Donald Trump a prévenu que les Etats-Unis avaient "une grande armada près de l'Iran. Plus grande qu'au Venezuela", en référence à l'opération américaine de capture du chef d'Etat vénézuélien Nicolas Maduro début janvier.

Mais a-t-il ajouté, dans cet entretien avec le média américain Axios, "ils veulent passer un accord. Je le sais. Ils ont appelé à de nombreuses reprises. Ils veulent parler".

"S'ils veulent nous contacter, et ils connaissent les conditions, alors nous discuterons", a ensuite affirmé un haut responsable américain à des journalistes, selon Axios.

Les analystes estiment que les options envisagées - que Donald Trump n'a pas voulu détailler à Axios - incluent des bombardements de sites militaires, ou des frappes ciblées contre des dirigeants.

Risque "d'instabilité" 

Selon le New York Times, les renseignements américains ont assuré à Donald Trump que le pouvoir iranien "s'affaiblissait", voire était "au plus faible" depuis la fondation de la République islamique en 1979.

L'influent sénateur républicain, Lindsey Graham, a dit au quotidien américain avoir parlé au président ces derniers jours: "l'objectif est de mettre fin au régime", a-t-il assuré.

Côté iranien, Téhéran a déjà signalé qu'un canal de communication était ouvert avec Washington.

Mais dans un appel mardi avec le prince héritier saoudien, Mohammed ben Salmane, allié des Etats-Unis, le président Massoud Pezeshkian a averti que les "menaces des Américains (...)  n'aboutiraient à rien d'autre qu'à de l'instabilité pour eux".

Le prince héritier "a indiqué que le Royaume ne permettrait pas que son espace aérien ou son territoire soient utilisés pour des actions militaires contre l'Iran", a insisté le ministère saoudien des Affaires étrangères dans un communiqué.

Mohammad Akbarzadeh, un haut responsable des forces navales des Gardiens de la Révolution, armée idéologique de la République islamique, a menacé d'un blocage par l'Iran du stratégique détroit d'Ormuz, passage clé pour le transport mondial de pétrole et gaz naturel liquéfié.

L'Iran considérera les pays voisins comme "hostiles" si leur territoire est utilisé pour le frapper, a-t-il aussi averti, alors que Ryad et Abou Dhabi ont déjà assuré qu'ils n'autoriseraient pas un tel usage de leurs territoires.

Donald Trump "décidera ce qu'il décide" mais dans tous les cas "si l'Iran commet une erreur et nous attaque, il y aura une riposte qu'il ne peut même pas imaginer", a de son côté affirmé le Premier ministre israélien, Benjamin Netanyahu.

"Aveux" et chasse aux blessés 

Si le mouvement de contestation s'est essoufflé, le bilan de la répression lui n'est toujours pas connu.

HRANA a annoncé mardi avoir vérifié la mort de 6.126 personnes, dont 5.777 manifestants, mais enquête toujours sur quelque 17.000 autres décès potentiels.
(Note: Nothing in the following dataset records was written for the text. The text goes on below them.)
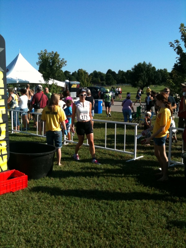 The bike course was only 12 miles but included some steep climbs and rolling hills. We pushed hard and finished strong. After dismounting the bike, we changed into running shoes and took off on the run course.
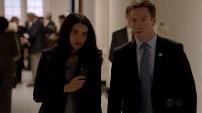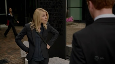 Всю прошлую серию её хвалили црушники за то, как она отлично сработала в Бейруте. Хотя сработала она там хуже некуда - сначала подцепила хвост и отделалась от него с риском для жизни, потом нарушила прописанный сценарий и встретилась с информаторшей, никого не предупредив, а в конце поставила под угрозу всю группу, когда бегала домой к Фатиме за бумагами. А потом еще и ломилась в ЦРУ. Но, может, они просто не хотят её расстраивать, зная, что она может слететь с катушек в любую минуту. Так или иначе, новая группа начинает работать под руководством нового начальника, которого поставил над ней Эстис - Питера Квина. Квин считает, что просто так следить за Броуди не интересно. Ну да, а арестовать его и просто выпытать с помощью стандартных методов и хеви-металла, и вовсе. А Абу Назир явно замышляет новый теракт, потому что надо же ему сейчас чем-то себя занять после того, как Израиль с помощью американцев вдарил по Ирану. Поэтому решено Броуди немного пошевелить, чтобы он поживее забегал. Для этого надо ненавязчиво предъявить ему Кэрри, тогда он заподозрит, что за него опять взялись, и на нервняках сделает какую-нибудь ошибку. А Джессика пока выставила мужа из дома и он съехал в отель, где за ним еще легче следить. Тут надо отметить, что Броуди за день встречается с подозрительными людьми просто уже потому, что мир Homeland населен сплошными выходцами с Ближнего Востока, они тут буквально на каждом углу. Кэрри решено показать ему на выходе из штаб-квартиры в Ленгли для пущего драматического эффекта. Но мало того, что он её увидел и они перекинулись парой слов, мол, она на него больше не обижается, её вылечили, но она еще и намекает, что она тут на секретной работе. То есть, ЦРУ показалось недостаточным, если Кэрри бы сказала Броуди, что просто зашла за справкой о зарплате, а он бы подумал, что она врет и заподозрил бы неладное. Нееет, на его вопрос она ответила, что не может ему рассказывать, это секрет. А в это время в дом к Джессике ломится бывший сослуживец мужа, инвалид и пьяница Лодер. Он еще в прошлых сериях говорил, что Уокер не мог промахнуться и всё это вобще не с проста. А тут он заводит свою обычную песню - "Броуди изменился, он явно ступил на кривую дорожку, они с Уокером работали в паре годами, и раз Уокер стрелял в вице-президента, то Броуди точно в этом замешан". Джессика вызывает Майка, чтобы он забрал пьяного Лодера, и Лодер всё то же самое повторяет ему, а Майк говорит, что Броуди ведет себя странно, что-то тут не так, наверняка за этим стоит ЦРУ. Ройя, hot&sexy, гуляет по всяким административным зданиям, где конгрессмены сидят, встречает Броуди и сообщает ему радостную весть - они прикрыли его следы в Гетисберге. Я тут даже не поняла, что она имела в виду, - они нашли и уничтожили зарытый в лесу труп?! Если Аль-Каиду не смущает, что они рисковали своим главным резидентом для спасения менее важного резидента, то есть, очень хотели спасти Портного, а важный резидент его просто убил (ладно, там случайность и он бы всё равно умер), то не проще ли было убить его самим, а не разводить такую канитель? Но Броуди больше озабочен встречей с Кэрри. И Ройя советует ему возобновить этот контакт, чтобы разузнать побольше. Вечером все участники опергруппы расходятся, и в конторе остаются только Кэрри с Квином, пока дочь Броуди крутит роман с сыном Уолдена и это совершенно неинте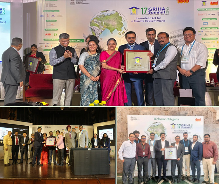 The 17th GRIHA Summit, held on 4–5 November 2025, marked a significant milestone in India’s journey toward sustainable development by celebrating exemplary achievements in the built environment. As a consulting partner, TERI played a pivotal role in guiding multiple projects toward green building excellence. Among the key recognitions, HUDCO HAL was awarded a 3-Star rating under GRIHA Large Developments (LD), reflecting strong adherence to sustainability principles. Additionally, the Rural Electrification Corporation Limited (REC) office in Gurugram, InterGlobe Education Services Limited, Greater Noida, and InterGlobe Real Estate Ventures Private Limited, Gurugram achieved prestigious 5-Star GRIHA ratings. Notably, the InterGlobe projects in Greater Noida and Gurugram were recognized for their sustainable upgrades under the GRIHA Existing Building recertification framework.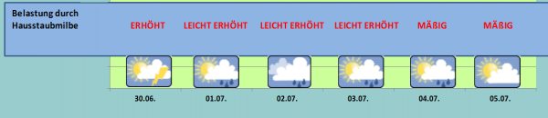 Bei mäßig warmen Temperaturen sind auch in den kommenden Tagen in weiten Landesteilen immer wieder Schauer und Gewitter zu erwarten. Hausstaubmilben findet somit ein für sie perfektes Klima vor, die Hausstaubrisiken sind am Wochenende und in der neuen Woche als mäßig bis stark einzustufen.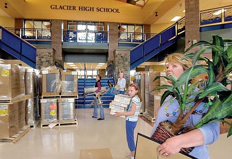 In this June 2007 file photo, Glacier High School teacher Kristyn Morin, right, greets Principal Callie Langohr (not pictured) in the commons area of the new school on her way to her classroom. Morin, who will teach world and U.S. history at Glacier, previously taught those subjects at Flathead High for 16 years. Morin also graduated from Flathead High, as did her daughter, parents and grandparents. Morin was accompanied by fellow Flathead teachers Genia Allen-Schmid, left, and Melanie Dardis, as well as Dardis' daughter, Emily. (Karen Nichols/Daily Inter Lake file photo)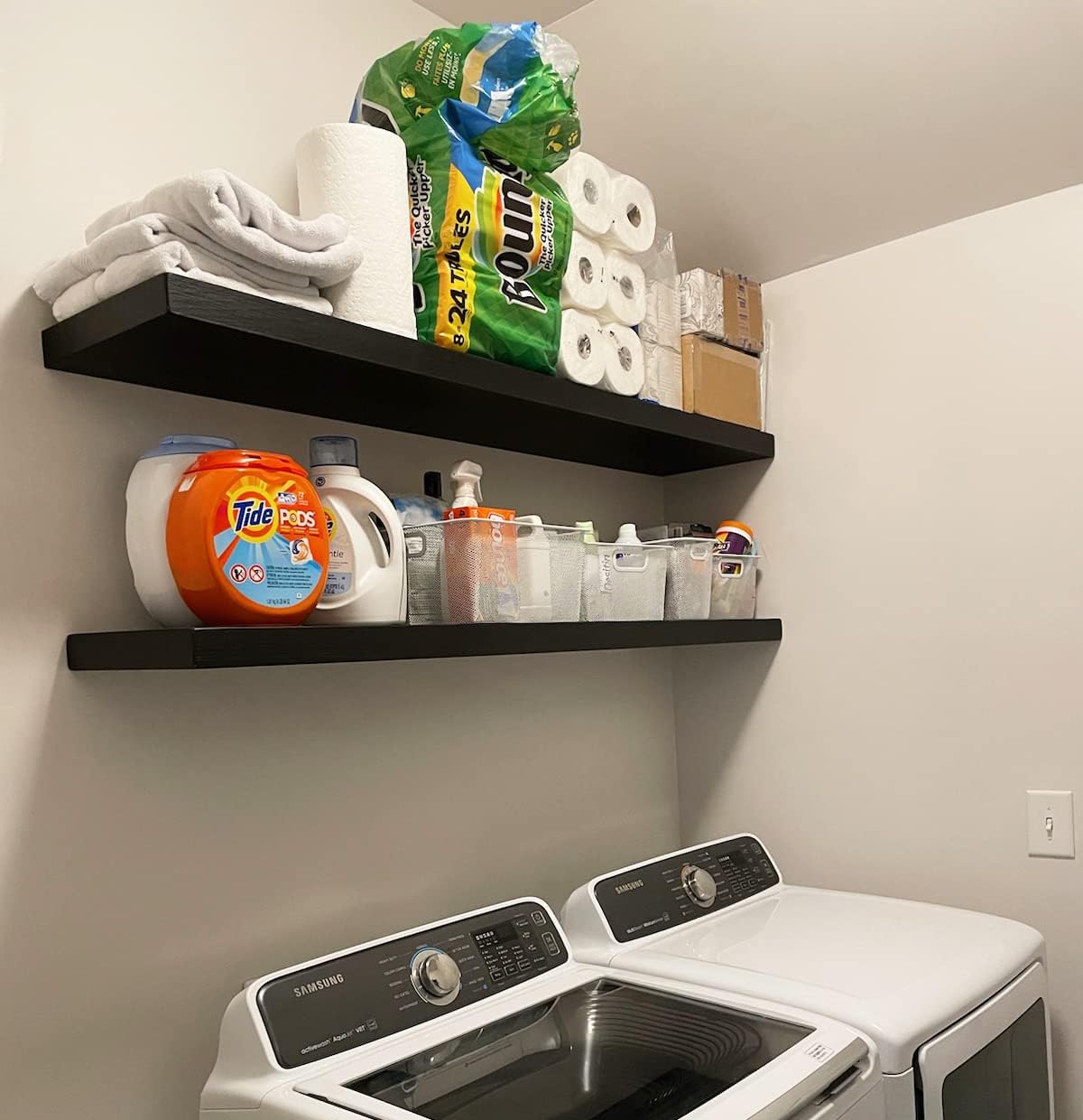 - Material: Solid White Pine 12"D x 72"W x 2"H, depth suitable for books, dishes, laundry items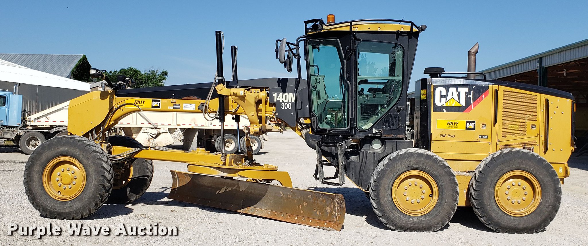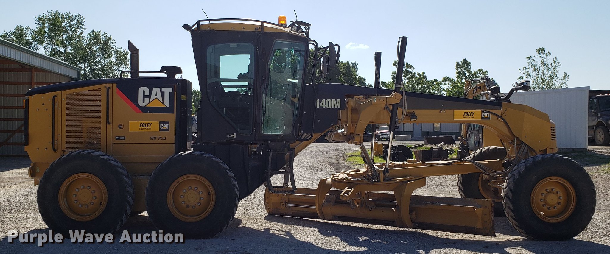Purple Wave is selling a used Motor Grader in Missouri. This item is a 2009 Caterpillar 140M VHP Plus motor grader with the following: 8,487 hours on meter, Caterpillar C7 six cylinder diesel engine, Serial KHX15372, Powershift transmission, 8F-6R gears, Enclosed cab, AC and heat, AM/FM, 14'W moldboard, Tip control, Side shift, 14R24 tires, Serial CAT0140MVB9D01879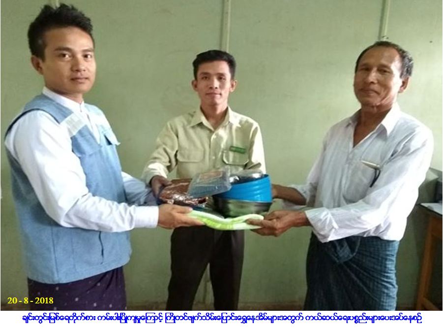 လူမှုဝန်ထမ်း၊ ကယ်ဆယ်ရေးနှင့် ပြန်လည်နေရာချထားရေးဝန်ကြီးဌာန၊ ဘေးအန္တရာယ်ဆိုင်ရာစီမံခန့်ခွဲမှုဦးစီးဌာန၊ ရေစကြိုမြို့နယ်ဦးစီးမှူးရုံးမှ တာဝန်ရှိသူများသည် ပခုက္ကူခရိုင်၊ ရေစကြိုမြို့နယ်၊ မိုးကွဲကျေးရွာအုပ်စု၊ ချင်းယားကျေးရွာ၌ (၂၀-၈-၂၀၁၈) ရက်နေ့ (၁၀း၁၅) နာရီအချိန်၌ ချင်းတွင်းမြစ်ရေတိုက်စား၍ ကမ်းပါးပြိုကျမှုကြောင့် ကြိုတင်ဖျက်သိမ်းပြောင်းရွှေ့မှုများ နေအိမ်(၂) လုံး၊ အိမ်ထောင်စု (၂) စု၊ လူဦးရေ (၈) ဦးတို့အတွက် ကယ်ဆယ်ရေးပစ္စည်း (၉) မျိုး၊ (၂) အိမ်ထောင်စာ၊ ဆန်ရိက္ခာဖိုးငွေ (၇) ရက်စာ (၁၆,၈၀၀/-) ကျပ်နှင့် အိမ်ဆောက်ပစ္စည်းဖိုးငွေ (၂၀၀,၀၀၀/- ) စုစုပေါင်း ထောက်ပံ့ငွေ (၂၁၆,၈၀၀/-) ကျပ်တို့အား (၂၀-၈-၂၀၁၈) ရက်နေ့တွင် ရေစကြိုမြို့နယ်အထွေထွေအုပ်ချုပ်ရေးဦးစီးဌာနရုံး၌ မြို့နယ်အထွေထွေအုပ်ချုပ်ရေးရုံးမှ တာဝန်ရှိသူများနှင့်အတူ မိုးကွဲကျေးရွာအုပ်ချုပ်ရေးမှူး လက်ဝယ်အရောက် ထောက်ပံ့ပေးအပ်ခဲ့ကြောင်း သတင်းရရှိပါသည်။

Et accuse à nouveau les autorités de pourchasser les blessés jusque dans les hôpitaux, malgré les dénégations du ministère de la Santé.

Le bilan total jusque là annoncé par les autorités iraniennes est de 3.117 morts, dont 2.427 sont, selon elles, des membres des forces de sécurité ou des passants.

La chaîne d'opposition Iran International, basée à l'étranger, a recensé pour sa part plus de 36.500 personnes tuées, citant notamment des documents classifiés et des sources sécuritaires.

L'ONG Iran Human Rights (IHR), basée en Norvège, affirme avoir vérifié la mort de 3.428 manifestants, mais dit craindre un bilan dépassant les 25.000 morts.

En France, le nom de domaine du site de l'association Iran Justice, qui documente l'état des droits humains en Iran, a été racheté et diffuse désormais du "contenu pro-régime" de Téhéran, a dénoncé mardi à l'AFP sa présidente Chirinne Ardakani.

Elle a pointé une opération de "propagande orchestrée selon toute vraisemblance par des agents iraniens".